Intended for healthcare professionals

Practice What Your Patient is Thinking

Help create an opportunity to learn together

BMJ 2024; 385 doi: https://doi.org/10.1136/bmj.q868 (Published 12 June 2024) Cite this as: BMJ 2024;385:q868
  1. Clare Sadgrove (nee Stacey)

flyingfishcreations{at}live.co.uk

Clare Sadgrove explains the fears she has living with vascular Ehlers-Danlos syndrome, and how opportunities to sit down with her clinical team created collaborative learning and built trust

I had my first major vascular event in my early 30s. Even though I knew I had vascular Ehlers-Danlos syndrome (vEDS), it was still a massive shock. I hadn’t prepared myself for an emergency event because I wasn’t very engaged with my diagnosis.

Living in fear

Living with vEDS and managing my health requires a constant risk assessment: from avoiding lifting something too heavy, to knowing when to access medical care, because even the most minor and innocuous symptom can be an indication of a serious complication. It is exhausting. It can also be difficult to know when and where to go for support. I fear being perceived as just anxious if I seek medical care for concerns that turn out not to be serious. But I don’t want to dismiss symptoms that could be life threatening.
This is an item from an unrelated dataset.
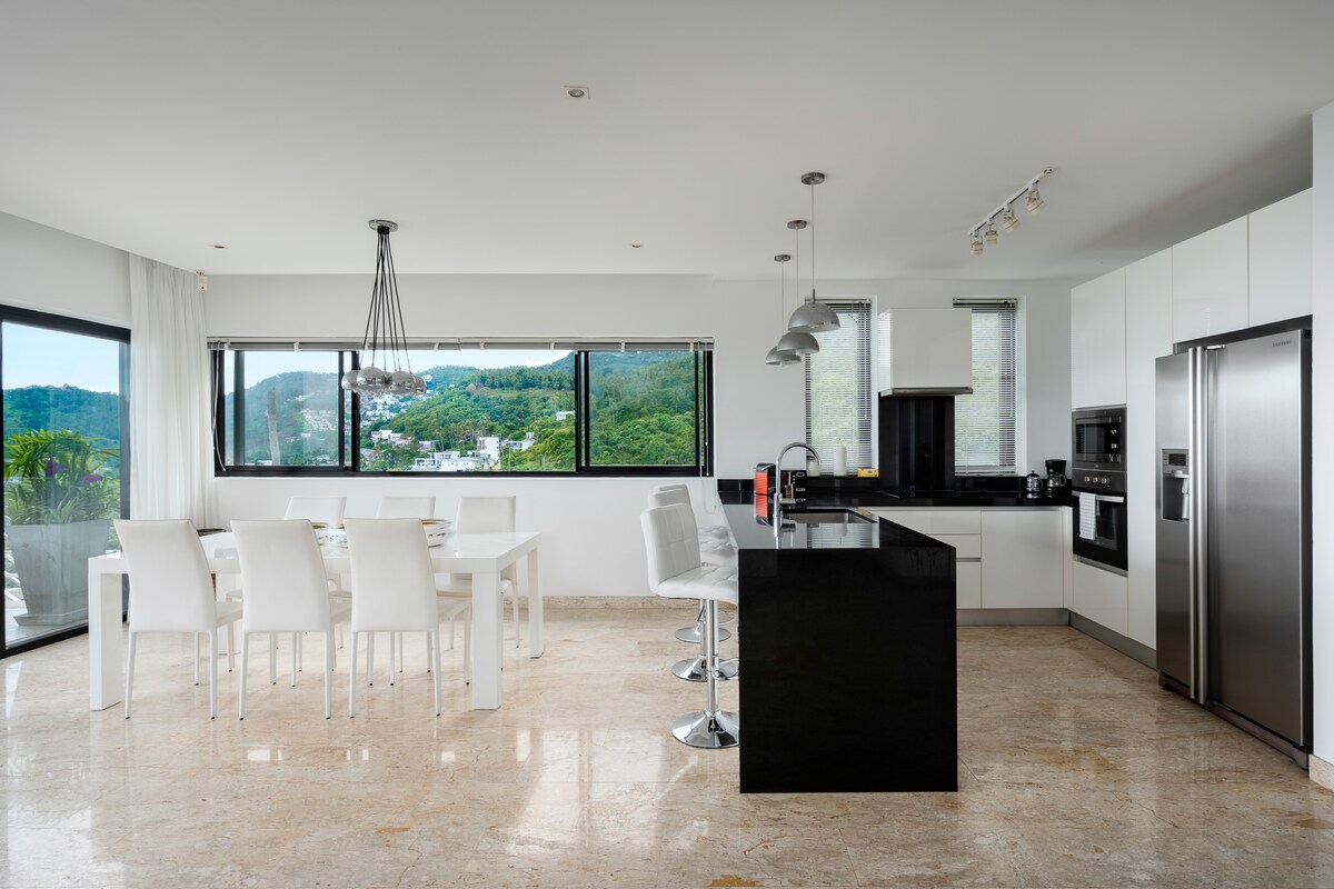 Modern gestaltete Unterkunft mit Dschungelblick und Kino

The fear of spontaneous arterial and hollow organ rupture lurks constantly in the back of my mind. I don’t feel safe in my own body, so even a mild unexplained pain can provoke fear, and it is a daily battle to manage anxiety. I am always open with doctors if I know that I am struggling to be objective because I am scared.

Finding belief and trust

Although I had a confirmed diagnosis of vEDS, my symptoms were often not attributed to my condition, and a pattern of misdiagnosis emerged. Not realising how unwell I was, healthcare practitioners did not investigate my concerns, or would discuss discharge. I became terrified, not only of having a life threatening complication, but that I might not be believed if I said something was wrong.
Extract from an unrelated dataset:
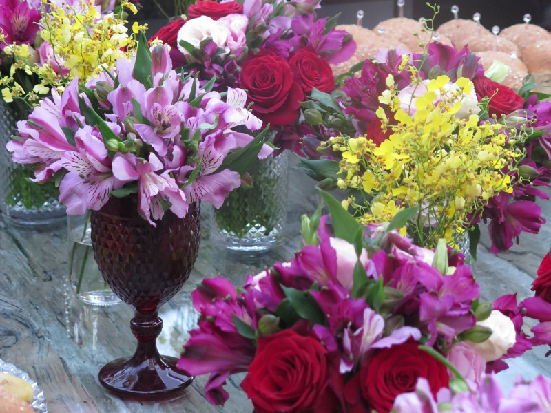Ao chegar na casa dos proprietários da casa (também padrinhos), não encontrei vasos de cristal, nem de cerâmica ou porcelana, por isso decidi usar taças e copos de vidro.

Sometimes health professionals don’t realise that my vascular complications can start very subtly, and progress very quickly. Because of the difficulties I have faced accessing appropriate care, it is extremely important to me that I build good relationships with my care team. The doctors I trust are those who consistently take seriously my concerns—those who have a low threshold for monitoring and investigations, and who are open about their knowledge of vEDS, especially if they haven’t had a lot of experience seeing people like me. They give me more confidence to seek support for seemingly minor symptoms that could be serious. Having access to this support is what makes the biggest difference to my quality of life and health outcomes.

Learning together

Following a variety of difficult experiences in hospital, I have had many open conversations with doctors involved in my care. I have really valued the opportunity for collaborative learning and reflection. Insights into what they were thinking have helped me to heal emotionally, manage my own expectations, and better advocate for myself. I realise the problem is often not that they didn’t believe me, but rather that they didn’t understand or appreciate the complexity of my condition.
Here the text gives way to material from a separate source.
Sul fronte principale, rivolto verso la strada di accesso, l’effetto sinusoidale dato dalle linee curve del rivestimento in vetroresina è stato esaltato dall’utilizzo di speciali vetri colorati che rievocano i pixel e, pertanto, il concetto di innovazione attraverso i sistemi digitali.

I don’t want to be an “expert patient.” It is not a term that I feel comfortable with. I just want understanding and collaboration with doctors, so that together we can act upon important, but often subtle, changes in my health.

What you need to know

  • Vascular Ehlers-Danlos syndrome can make patients feel they are living in fear of their own bodies

  • Building trust with patients is important to ensure that concerns are believed and taken seriously

  • Creating an opportunity for clinical teams and patients to create a plan together helps understanding for everyone

Education into practice

  • How can you help patients feel that you believe their concerns and are addressing them?

  • When could you create an opportunity for collaborative learning with your patient?